• ernestm
    1k
    I believe the answer has been known for 23 centuries, and I believe most politicians don't know this at all. But some will object to the following as reading between the lines too much, and maybe I am wrong about the ignorance. So I am posting here before submitting to a journal. I appreciate your views.

    While teaching Alexander the Great, Aristotle wrote one of the most powerful observations on the dynamics of a voting group established on the basis of equality for everyone. In a system where everyone has equal voting power, the rich APPEAR to have less power than the poor, because there are less rich people. But what Aristotle observed is an arithmetic progression that results in the rich having disproportionate power, even though they have less votes.

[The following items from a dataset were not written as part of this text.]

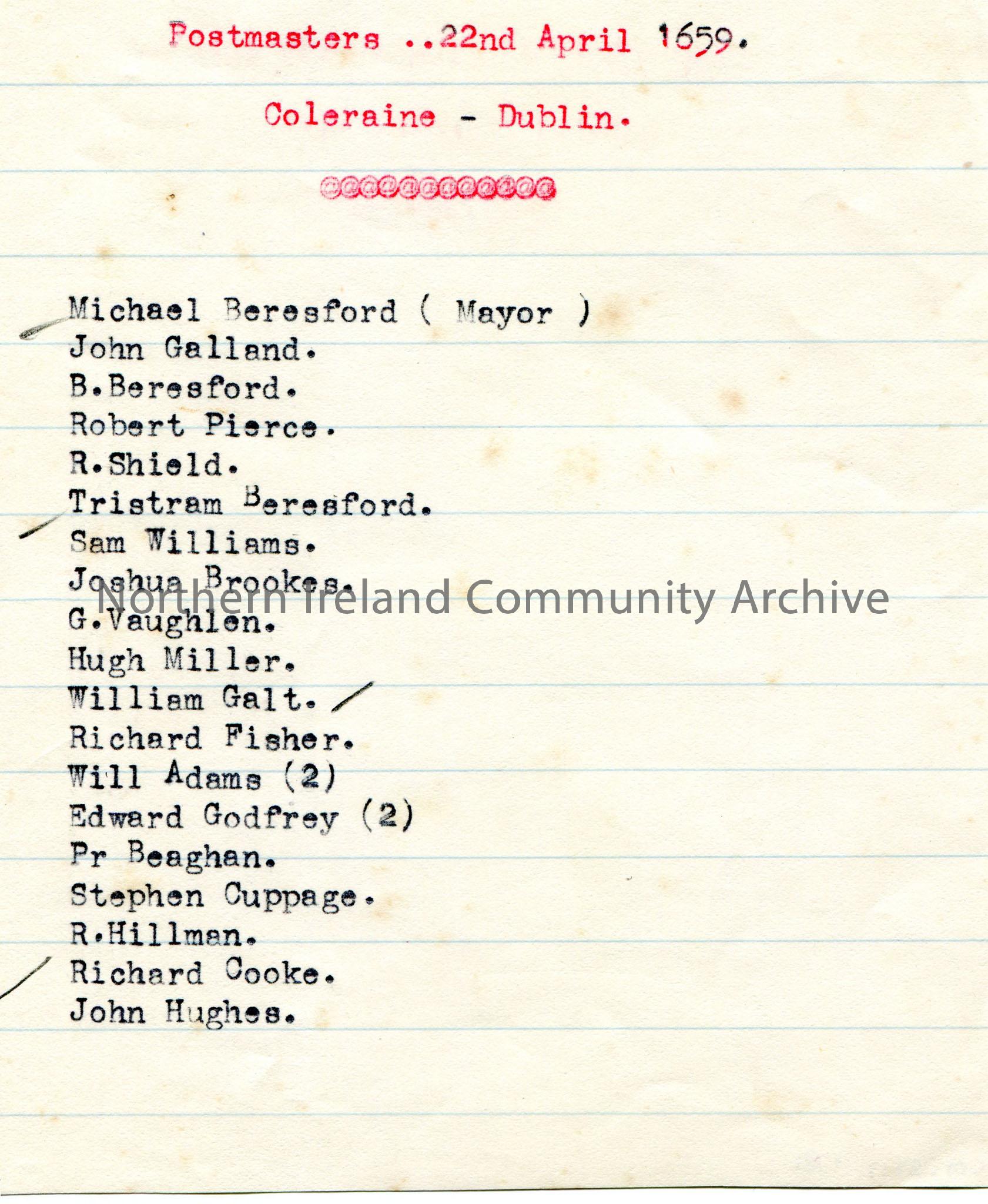 Typed list on lined paper of Postmasters. Dated 22nd April 1659, Coleraine – Dublin. Begins with Michael Beresford, Mayor and ends with John Hughes.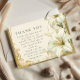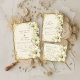 En elegant och tidlös design med mjuka vita liljor och gyllene ornamentala detaljer på en pergamentbakgrund. Detta romantiska blomsterkonstverk fångar en förfinad, vintage charm - perfekt för klassiska, formella eller trädgårdsbröllop. Personifiera med era namn och evenemangsinformation för en graciös och lyxig touch.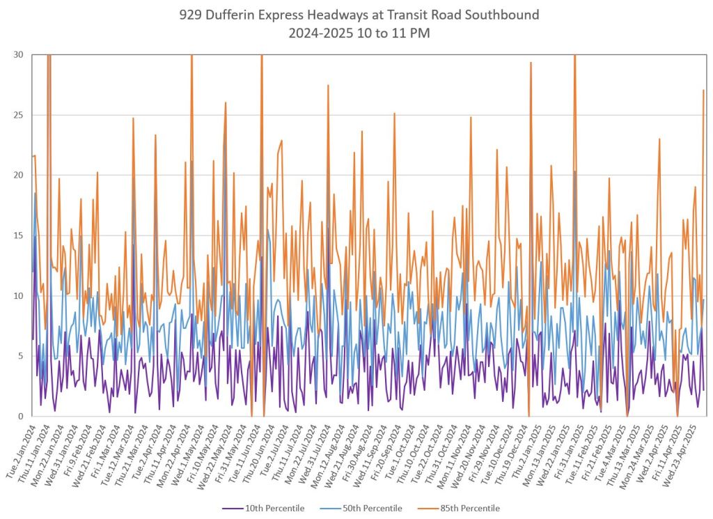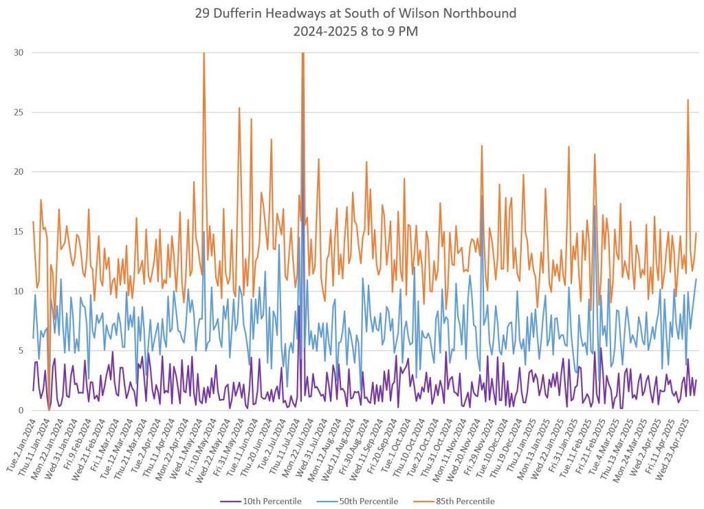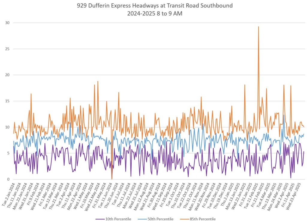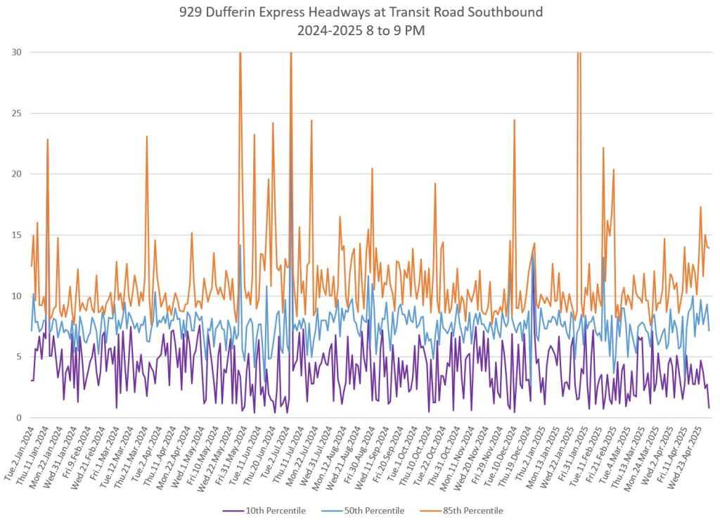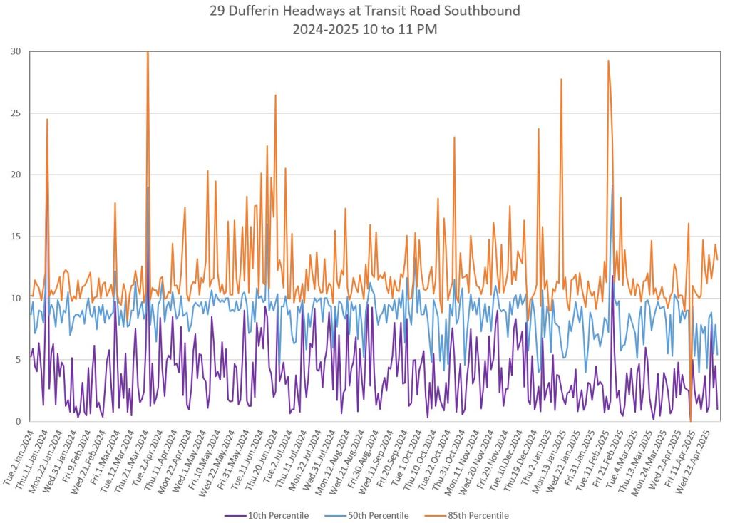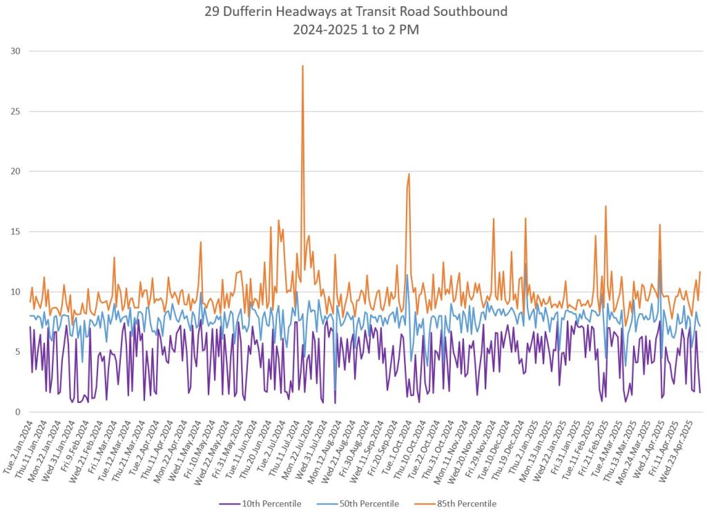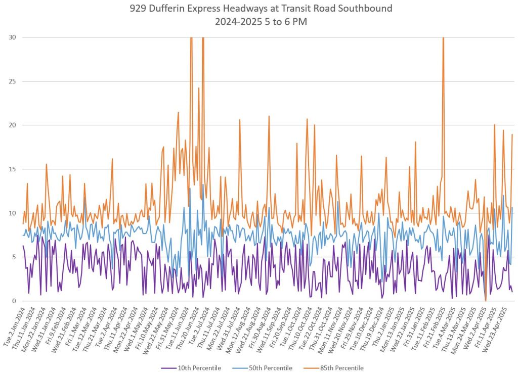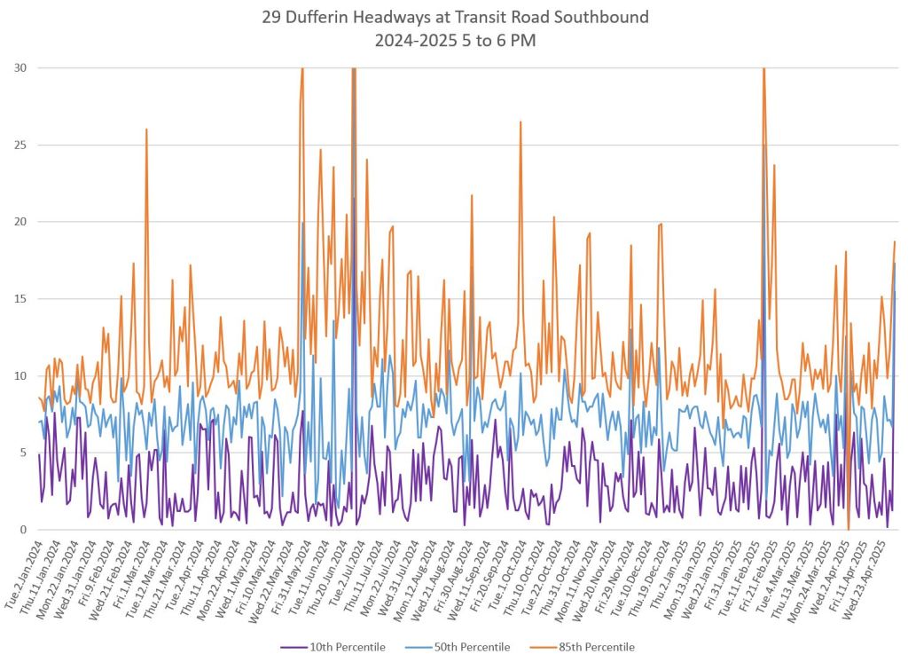 In the first two parts of this series, I reviewed headway and travel time data for the 29/929 Dufferin bus during April 2025.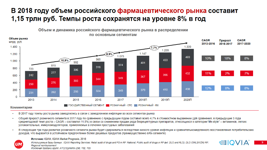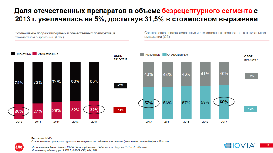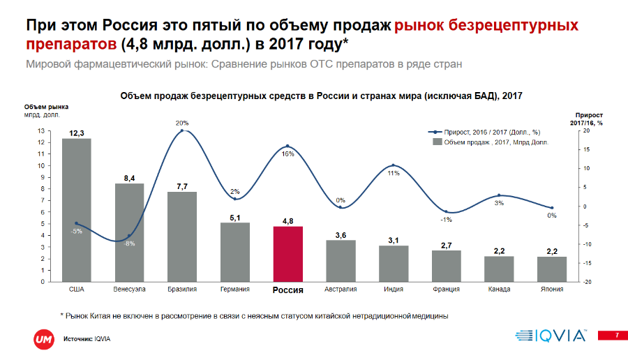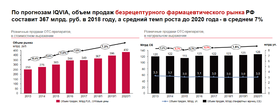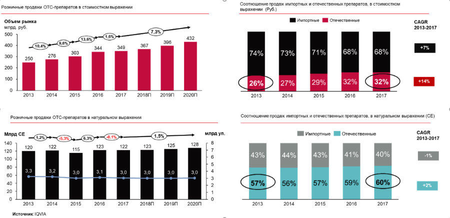 «Сложившаяся кризисная ситуация в российской экономике негативно сказалась на динамике безрецептурного сегмента отечественного фармрынка. Потребители переключились на более дешевые препараты и отказывались от покупки так называемых life-style препаратов. Тем не менее, по нашим прогнозам, ожидается среднегодовой темп роста безрецептурного рынка на уровне 7% до 2020 г., а объем продаж безрецептурного фармацевтического рынка РФ составит 367 млрд руб. в 2018 г. Также надо отметить, что россияне увеличили потребление российских препаратов. Их доля возросла с 26% в 2013 г. до 32% в 2017 г. в стоимостном выражении, а в натуральном выражении достигла 60%», — говорит Алексей Савин, руководитель консалтингового подразделения IQVIA Россия и СНГ.

    Start by imagining you have 2 rich and 4 poor. One of the poor quickly realizes he can be more powerful by voting with the rich, creating a stalemate.

    Now, extrapolate!

    If there 2 rich and 6 poor, the poor realize they can split in two (2:3:3), and each poor group can partner either with the rich group or the other poor group to win (6:2 or 5:3). And the latter example can collapse into the first, because 1 guy realizes, again, he can switch groups to make a 4:4 split.

    As you may know, Aristotle was also the founder of logic and mathematics as we know it today. He was far more intelligent than his writings reveal on the surface. If you understand the way Aristotle thinks, you can see what he leaves unsaid.

    Further extrapolation, mathematically, makes the splits work up to about 100 people, after which it starts to break down. This is why, in fact, the US senate is purposefully small, so the splits work; whereas the congress is purposefully much larger, so they don't work so well. However, clever politicians can still exploit larger groups in the same way, by playing to the different interests of different groups of constituents, as often happens in USA's Presidential elections.

    With the splits, a system naturally evolves where the rich have disproportionally more power There are more poor, but being a larger group, they split into smaller groups each vieing for more power. However, the rich always vote in their own interests (Aristotle clearly knew that, but it was one of the things he did not directly say, because he did not want to alienate the rich patrons who were supporting him. There are many examples like that in Aristotle).

    So the rich have disproportionately more power, and there naturally evolves a tiny swing group, or even a single person, deciding most issues. And that's what's been happening in democracies since 600 BCE. It still happens, but these days, almost no one understands why. They just see it happening and take it for granted.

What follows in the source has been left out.